我有这个脚本，我想在其中获取回调到 sagemaker 自定义脚本 docker 容器中的单独 CSV 文件。但是当我尝试在本地模式下运行时，它没有给出以下错误。我有一个运行的超参数调整作业 (HPO)，这一直给我错误。在执行 HPO 之前，我需要正确获取此本地模式运行。

在笔记本中我使用了下面的代码。

from sagemaker.tensorflow import TensorFlow

tf_estimator = TensorFlow(entry_point='lstm_model.py', 
                          role=role,
                          code_location=custom_code_upload_location,
                          output_path=model_artifact_location+'/',
                          train_instance_count=1, 
                          train_instance_type='local',
                          framework_version='1.12', 
                          py_version='py3',
                          script_mode=True,
                          hyperparameters={'epochs': 1},
                          base_job_name='hpo-lstm-local-test'
                         )

tf_estimator.fit({'training': training_input_path, 'validation': validation_input_path})

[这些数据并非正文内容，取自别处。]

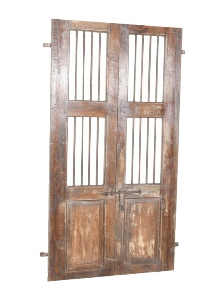 Porte ancienne en bois massif de teck, dimensions : longueur 108 cm, profondeur 3 cm, hauteur 185 cm. Cette porte provient de la démolition et de la récupération d'anciens bâtiments importants. Finement restaurée et traitée pour un usage extérieur, chaque porte est une pièce d'antiquité authentique et unique. Toutes les mesures se réfèrent à l'encombrement maximal de l'article.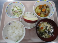 じゃが芋の昆布煮 ハムサラダ 青菜の味噌かき玉汁 ごはん りんご |
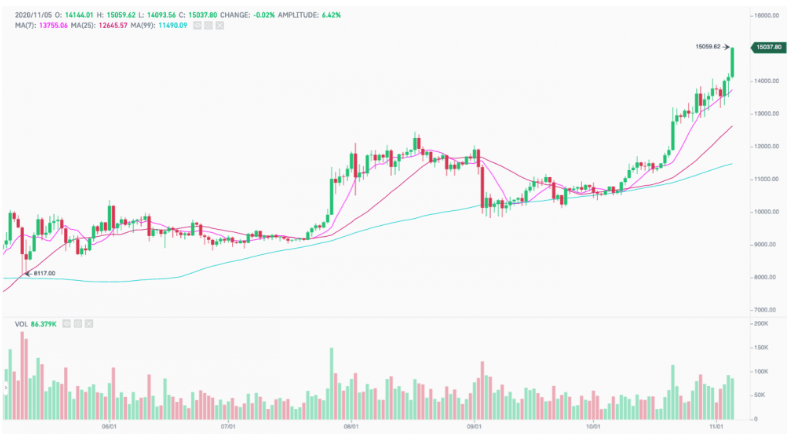 По мере того, как результаты президентской гонки в США начинают проясняться, биткоин преодолел отметку в $15000 - это самая высокая цена с рекордного уровня 2017 года.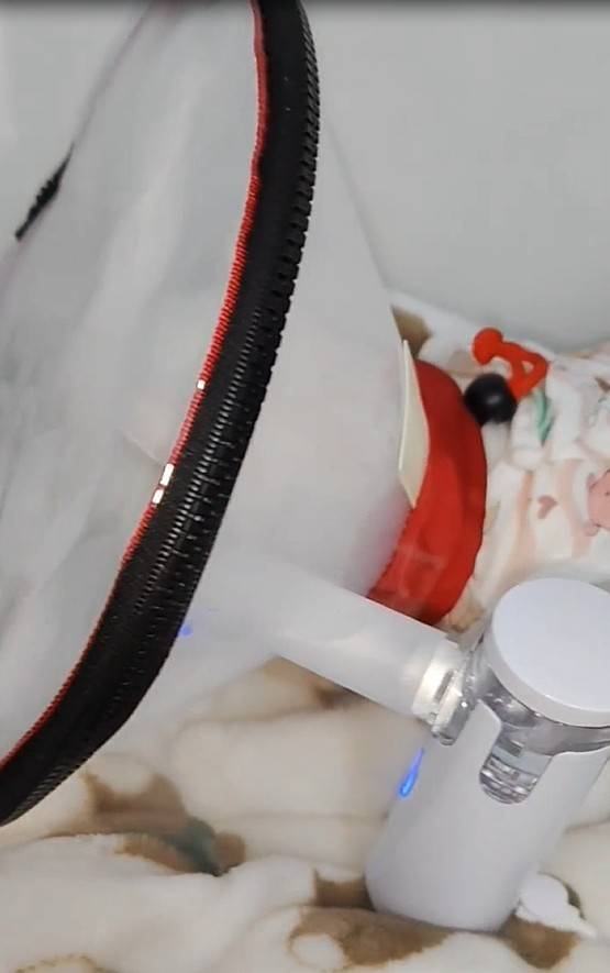 每天都會幫牠做一次。牠也滿乖的,套著頭套乖乖的吸霧氣,頭套式的也比較不佔空間,而
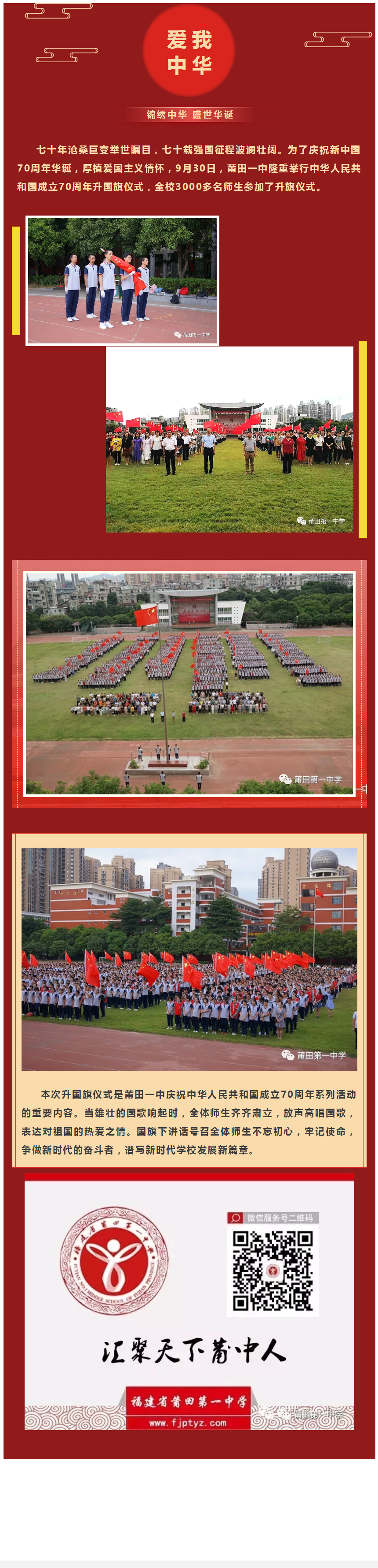 莆田一中举行庆祝中华人民共和国成立70周年升国旗仪式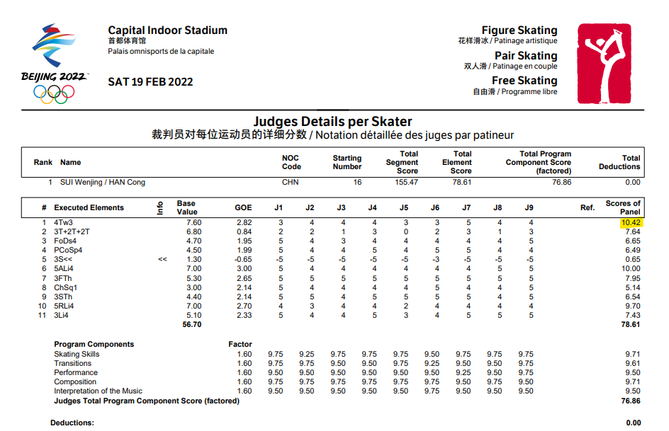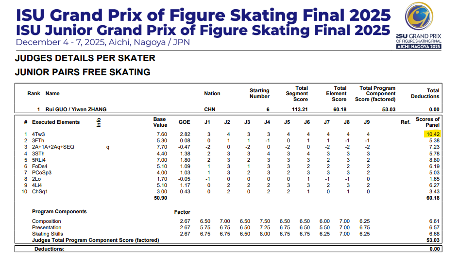 そして、今回Rui Guo & Yiwen Zhang組が決めた4回転ツイストも10.42!それ位精度の高い仕上がりだったということです。

在我的lstm_model.py脚本中使用了以下代码。

lgdir = os.path.join(model_dir, 'callbacks_log.csv')
csv_logger = CSVLogger(lgdir, append=True)

regressor.fit(x_train, y_train, batch_size=batch_size,
              validation_data=(x_val, y_val), 
              epochs=epochs,
              verbose=2,
              callbacks=[csv_logger]
              )

我尝试使用 tensorflow 后端预先创建一个文件，如下所示。但它不会创建文件。（K：tensorflow 后端，tf：tensorflow）

filename = tf.Variable(lgdir , tf.string)
content = tf.Variable("", tf.string)
sess = K.get_session()
tf.io.write_file(filename, content)

我无法使用 pandas 等任何其他包来创建文件，因为 SageMaker 中用于自定义脚本的 TensorFlow docker 容器未提供它们。他们只提供数量有限的包裹。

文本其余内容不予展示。